Estimating the Impact of User Personality Traits on Electronic Word-of-Mouth: Text-mining Social Media Platforms
Panos Adamopoulos, Anindya Ghose, and Vilma Todri , 2018, 18-100-01
As users share opinions, choices, and decisions on social media, nurturing positive online word of mouth is a critical aim of marketing activity. In this report, Panos Adamopoulos, Anindya Ghose, and Vilma Todri examine whether personality traits of social media users attenuate or accentuate the effectiveness of WOM. Specifically, using recent advancements in big data and machine-learning techniques to extract information from unstructured textual content, they examine whether and how latent personality characteristics of a user affect purchases of actual products.
Their empirical setting is a social commerce venture launched by American Express on Twitter. The data span all the confirmed transactions over two weeks in 2013, complemented by unstructured data from users’ profiles and timelines. The researchers leverage a novel combination of machine-learning-based text-mining techniques with more conventional econometric methods and a quasi-experiment to disentangle the effects of personality on WOM from correlated user behaviors and homophily.
There is a positive and statistically significant effect of the level of personality similarity between two social media users on the likelihood of a subsequent purchase after exposure to WOM. In particular, exposure to WOM messages from similar users in terms of personality, rather than dissimilar users, increases the likelihood of a post-purchase by 47.58%.
Unraveling the impact of various personality types, the authors find that WOM originating from users who exhibit high levels of agreeableness, conscientiousness, and openness is more likely to be more effective, whereas for users with low levels of conscientiousness or agreeableness the opposite effect is more likely. In addition, introvert users are susceptible to WOM, in contrast to extrovert users. In particular, a WOM message from an extrovert user to an introvert peer increases the likelihood of a subsequent purchase by 71.28%. Finally, WOM originating from users with low levels of emotional range affects similar users whereas for high levels of emotional range increased similarity has usually the opposite effect.
These findings suggest strategies for managers who would like to effectively utilize and engineer WOM.
- To increase sales and spur buzz around their brands, marketers might take action to encourage social media users characterized by distinct personality traits and attributes to generate or disseminate positive WOM messages.
- Marketers might also associate their brands with certain characteristics and attributes or foster particular perceptions that might be more appealing to specific types of personalities of users in social media platforms.
Overall, their analysis demonstrates the value of directly observing WOM instances and extracting knowledge from analyzing granular-level data.

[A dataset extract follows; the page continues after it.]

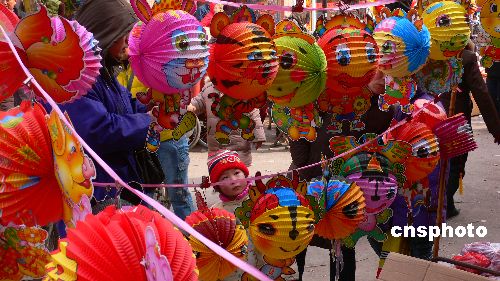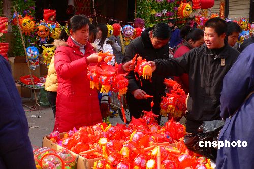 2月13日,人們在河南開封市大相國寺市場選購花燈。農歷正月十五臨近,古城開封市各種生肖動物、奧運福娃等圖形的燈籠紛紛上市,喜迎元宵佳節(jié)。中新社發(fā) 凱楓 攝
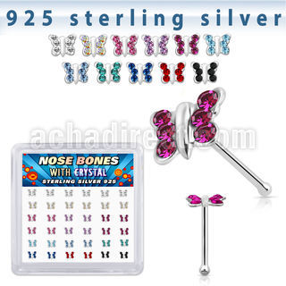 925 Sterling Silver Nose Bones Butterfly Shape Color Crystal

Leveraging the abundance of unstructured data of digital communications, they demonstrate the feasibility of such analysis with low cost and at a large scale.
These results have important implications for other parties of the social media ecosystem as well, particularly regarding the monetization of social media and user-generated content. Social media companies, including microblogging platforms, are increasingly moving towards a model of sponsored posts (tweets) in which advertisers can bid based on various targeting criteria. The asymmetric WOM effects across different types of personalities suggest that they can charge different prices to advertisers for sponsored messages based on users’ personality.
Similarly, social media platforms can use the latent personality characteristics of the social media users in order to curate and rank user-generated content more effectively and drive engagement in their platforms. Finally, the latent characteristics of users can also be used to better predict the diffusion of information and products in social media.
Panos Adamopoulos is Assistant Professor of Information Systems and Operations Management, Goizueta Business School, Emory University. Anindya Ghose is Heinz Riehl Professor of Business, Professor of Information, Operations, and Management Sciences, and Professor of Marketing, Stern School of Business, New York University. Vilma Todri is Assistant Professor of Information Systems and Operations Management, Goizueta Business School, Emory University.